Betaflexiviridae is a large family of viruses that infect a broad range of plants. It comprises 15 different genera, including the genus Carlavirus. Carlaviruses are non-enveloped, filamentous viruses that vary in length between 600 and 700 nm and are 12–15 nm in diameter. Virions contain a single molecule of positive-sense, single-stranded RNA, 7.4 to 8.7 kb in length, containing a 5' cap and 3' polyA tail. The genome typically contains six open reading frames (ORFs), with ORF1 encoding a 215–225 kDa protein functioning as the viral replicase. ORF 2, 3, and 4 encode the conserved triple gene block (TGB) proteins, while ORF5 encodes a coat protein of 32–36 kDa, and ORF6 encodes a cysteine-rich protein (11–16 kDa) with RNA binding activity. All carlaviruses are transmitted mechanically, while several are also known to be transmitted by insect vectors [1].
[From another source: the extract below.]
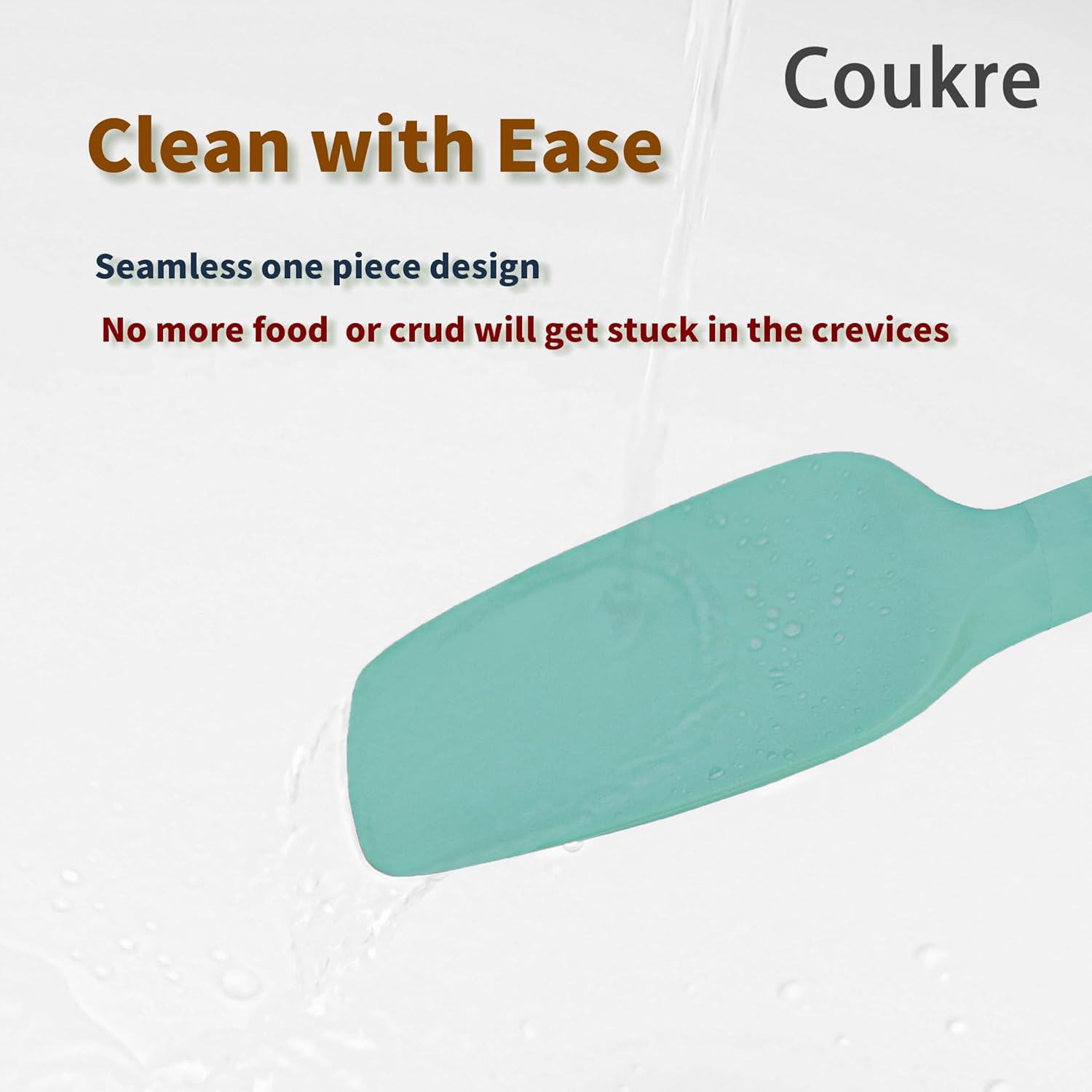 [Stronger & More Flexible]: Coukre Silicone Spatula has a reinforced plastic core inside for extra strength. and they are flexible tip thoroughly scrape the sides and bottoms of the pots and pans without scratching

Grapevine (Vitis sp.) is host to the largest number of viruses among the cultivated plant species [2]. At least 86 viruses have been identified in grapevine, including 17 different Betaflexiviridae members. These include some economically important viruses such as grapevine virus A, grapevine virus B, and grapevine rupestris stem pitting-associated virus. However, none of the known Betaflexiviridae members infecting grapevine belong to the genus Carlavirus. In this article, we describe the identification and characterization of a novel carlavirus identified in grapevine in Crete.
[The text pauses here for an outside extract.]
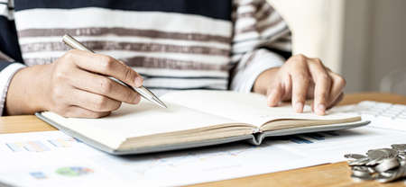 Close up hand a man hold pencil for write on the note book and newspaper glasses on wood table
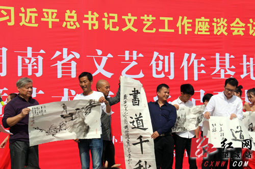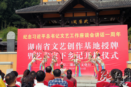 红网望城站10月15日讯(分站记者 刘赛)10月14日,湖南省首批文艺创作基地授牌仪式暨艺术家下乡记开拍活动在望城区书堂山欧阳询文化园举行。为深入贯彻习近平总书记文艺座谈会的讲话精神,繁荣湖南省文艺创作事业,丰富人民群众精神文化生活,建立湖南省“深入生活、扎根人民”主题活动长效机制,省文化厅在全省选取了32个单位为湖南首批文艺创作基地。同时,为结合“深入生活、扎根人民”主题活动,省文化厅与湖南卫视将共同策划拍摄“艺术家下乡记”专题纪录片,通过电视专题片录制湖南省艺术家深入基层、深入生活的真实写照。

In 2019 and 2020, ~ 400 grapevine samples were collected from the four prefectures (Chania, Rethymnon, Heraklion, and Lasithi) of the island of Crete, Greece. Selected samples, mostly from grapevines older than 10 years, were pooled and sequenced using high-throughput sequencing (HTS). One of these pools comprised five samples of the local grape cultivars Vilana (two plants), Kotsifali (two plants), and Mandilari (one plant), all grafted onto 140 Ruggeri rootstock, from a single location in the prefecture of Heraklion. The Vilana grapevines were 36 years old, while the Kotsifali plants were 28 years old, and the Mandilari plant was 10 years old.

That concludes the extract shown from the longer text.